* [EXERCISE OBJECTIVE]:
Copy the data that follows exactly as it is, excluding all pictures.

* [INFORMATION SUPPLIED]:
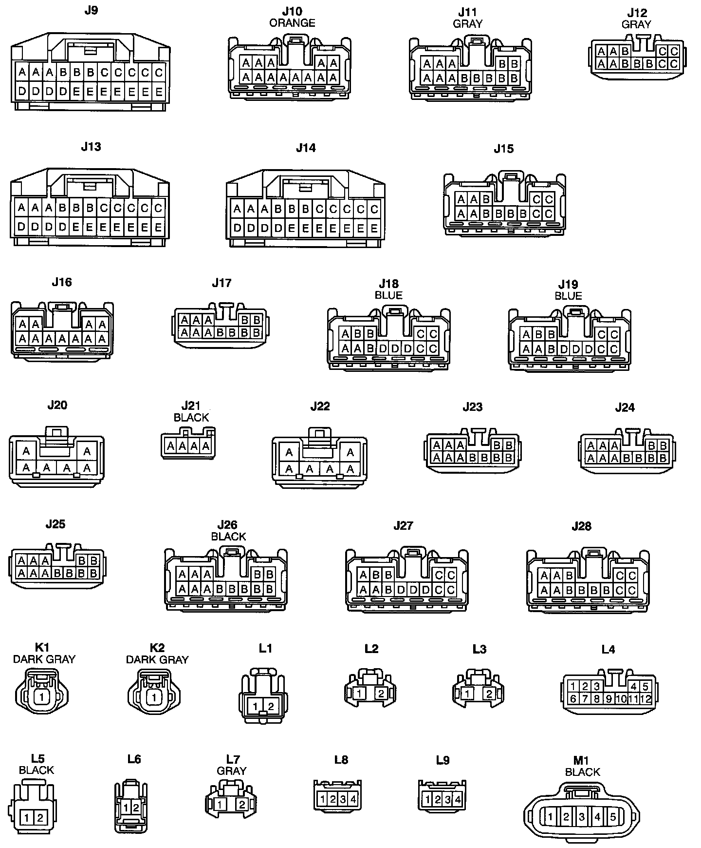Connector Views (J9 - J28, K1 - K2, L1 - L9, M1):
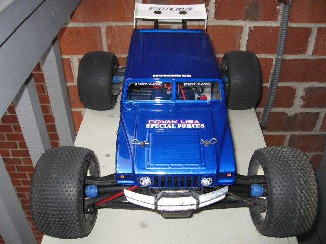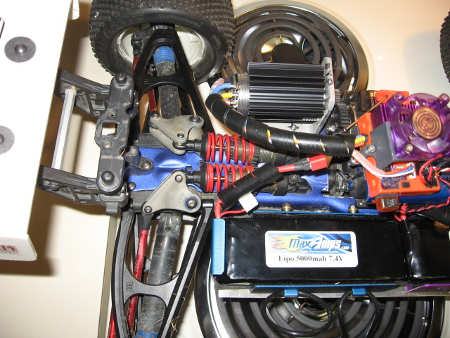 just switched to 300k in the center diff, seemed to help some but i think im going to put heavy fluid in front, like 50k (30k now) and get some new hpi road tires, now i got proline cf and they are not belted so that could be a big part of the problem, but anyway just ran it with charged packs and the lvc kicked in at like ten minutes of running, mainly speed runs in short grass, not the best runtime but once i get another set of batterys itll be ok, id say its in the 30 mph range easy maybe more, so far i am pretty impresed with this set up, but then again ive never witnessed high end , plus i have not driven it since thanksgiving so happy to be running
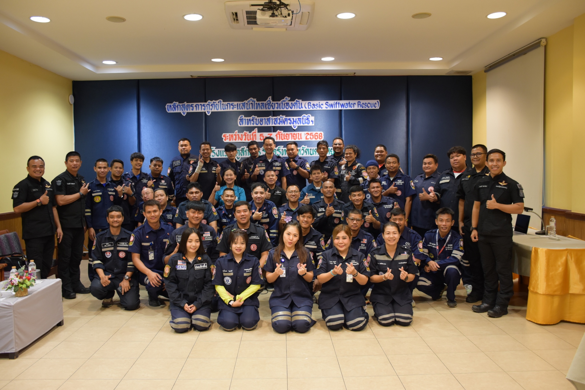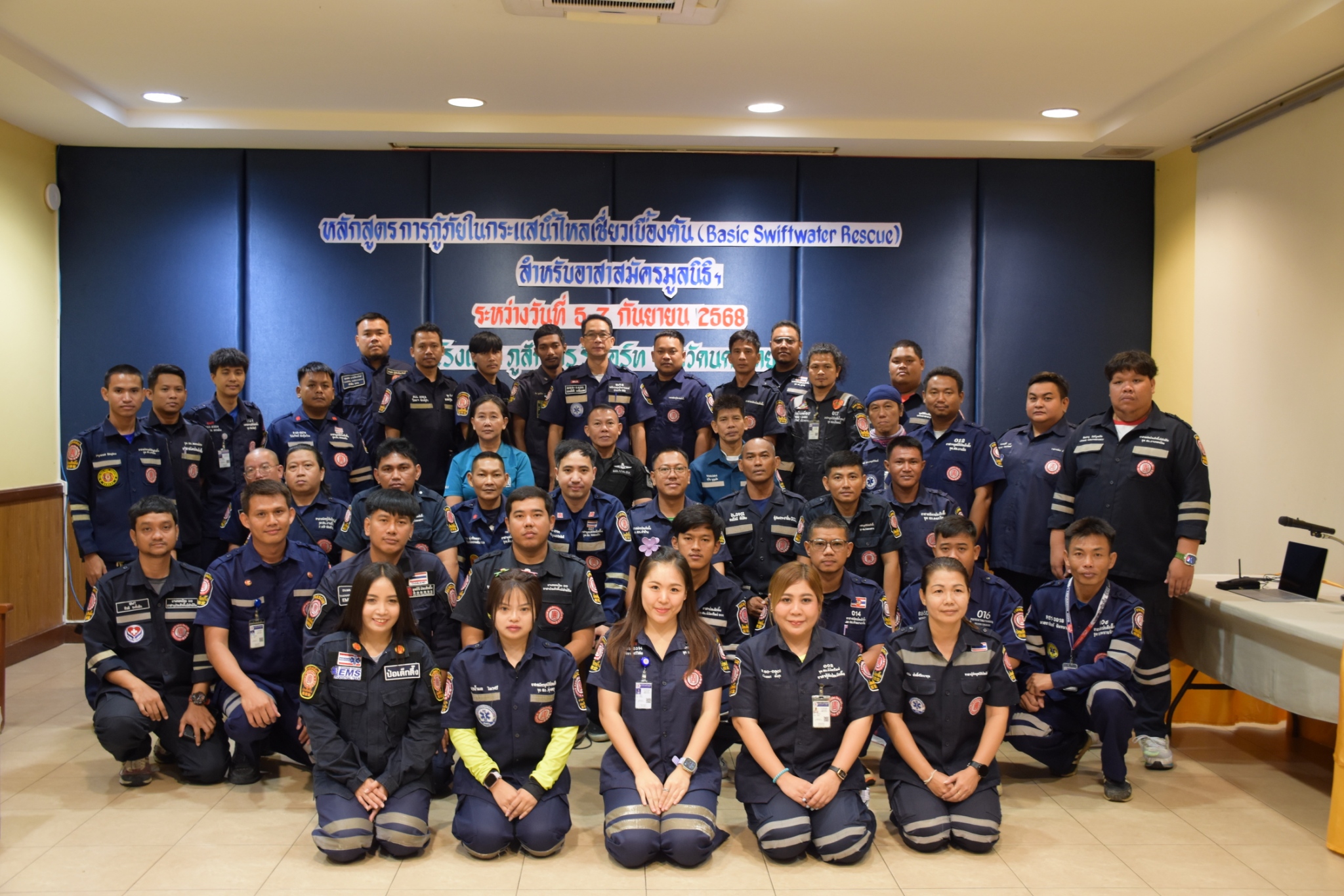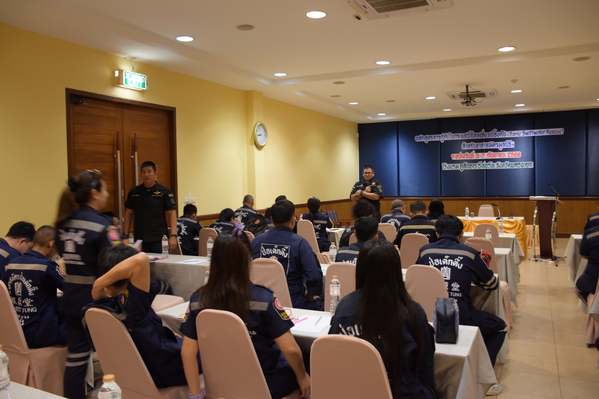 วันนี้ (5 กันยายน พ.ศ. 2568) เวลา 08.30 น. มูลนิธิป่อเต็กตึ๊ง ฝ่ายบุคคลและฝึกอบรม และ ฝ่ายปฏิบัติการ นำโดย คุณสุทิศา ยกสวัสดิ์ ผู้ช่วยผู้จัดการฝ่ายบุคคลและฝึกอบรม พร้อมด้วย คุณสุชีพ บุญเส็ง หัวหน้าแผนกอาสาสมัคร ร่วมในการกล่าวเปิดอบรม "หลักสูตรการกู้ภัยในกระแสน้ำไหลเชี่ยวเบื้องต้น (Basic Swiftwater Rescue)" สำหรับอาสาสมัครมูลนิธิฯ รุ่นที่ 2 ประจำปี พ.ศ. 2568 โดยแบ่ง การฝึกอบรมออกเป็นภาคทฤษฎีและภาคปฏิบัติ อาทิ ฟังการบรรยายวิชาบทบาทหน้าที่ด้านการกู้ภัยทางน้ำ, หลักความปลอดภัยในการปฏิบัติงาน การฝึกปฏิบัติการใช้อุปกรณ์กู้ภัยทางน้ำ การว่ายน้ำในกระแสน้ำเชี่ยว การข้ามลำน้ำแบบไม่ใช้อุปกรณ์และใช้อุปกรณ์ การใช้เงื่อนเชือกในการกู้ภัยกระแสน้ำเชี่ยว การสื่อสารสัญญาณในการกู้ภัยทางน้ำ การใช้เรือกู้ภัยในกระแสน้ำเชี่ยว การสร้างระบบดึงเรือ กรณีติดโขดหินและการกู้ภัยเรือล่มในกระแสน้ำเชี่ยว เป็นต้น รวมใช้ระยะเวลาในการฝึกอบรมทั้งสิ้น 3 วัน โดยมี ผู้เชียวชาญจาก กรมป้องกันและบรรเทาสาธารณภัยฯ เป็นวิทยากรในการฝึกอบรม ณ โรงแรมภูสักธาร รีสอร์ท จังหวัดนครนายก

* [SOLUTION TO THE PROBLEM]:
Connector Views (J9 - J28, K1 - K2, L1 - L9, M1):
 just switched to 300k in the center diff, seemed to help some but i think im going to put heavy fluid in front, like 50k (30k now) and get some new hpi road tires, now i got proline cf and they are not belted so that could be a big part of the problem, but anyway just ran it with charged packs and the lvc kicked in at like ten minutes of running, mainly speed runs in short grass, not the best runtime but once i get another set of batterys itll be ok, id say its in the 30 mph range easy maybe more, so far i am pretty impresed with this set up, but then again ive never witnessed high end , plus i have not driven it since thanksgiving so happy to be running
 วันนี้ (5 กันยายน พ.ศ. 2568) เวลา 08.30 น. มูลนิธิป่อเต็กตึ๊ง ฝ่ายบุคคลและฝึกอบรม และ ฝ่ายปฏิบัติการ นำโดย คุณสุทิศา ยกสวัสดิ์ ผู้ช่วยผู้จัดการฝ่ายบุคคลและฝึกอบรม พร้อมด้วย คุณสุชีพ บุญเส็ง หัวหน้าแผนกอาสาสมัคร ร่วมในการกล่าวเปิดอบรม "หลักสูตรการกู้ภัยในกระแสน้ำไหลเชี่ยวเบื้องต้น (Basic Swiftwater Rescue)" สำหรับอาสาสมัครมูลนิธิฯ รุ่นที่ 2 ประจำปี พ.ศ. 2568 โดยแบ่ง การฝึกอบรมออกเป็นภาคทฤษฎีและภาคปฏิบัติ อาทิ ฟังการบรรยายวิชาบทบาทหน้าที่ด้านการกู้ภัยทางน้ำ, หลักความปลอดภัยในการปฏิบัติงาน การฝึกปฏิบัติการใช้อุปกรณ์กู้ภัยทางน้ำ การว่ายน้ำในกระแสน้ำเชี่ยว การข้ามลำน้ำแบบไม่ใช้อุปกรณ์และใช้อุปกรณ์ การใช้เงื่อนเชือกในการกู้ภัยกระแสน้ำเชี่ยว การสื่อสารสัญญาณในการกู้ภัยทางน้ำ การใช้เรือกู้ภัยในกระแสน้ำเชี่ยว การสร้างระบบดึงเรือ กรณีติดโขดหินและการกู้ภัยเรือล่มในกระแสน้ำเชี่ยว เป็นต้น รวมใช้ระยะเวลาในการฝึกอบรมทั้งสิ้น 3 วัน โดยมี ผู้เชียวชาญจาก กรมป้องกันและบรรเทาสาธารณภัยฯ เป็นวิทยากรในการฝึกอบรม ณ โรงแรมภูสักธาร รีสอร์ท จังหวัดนครนายก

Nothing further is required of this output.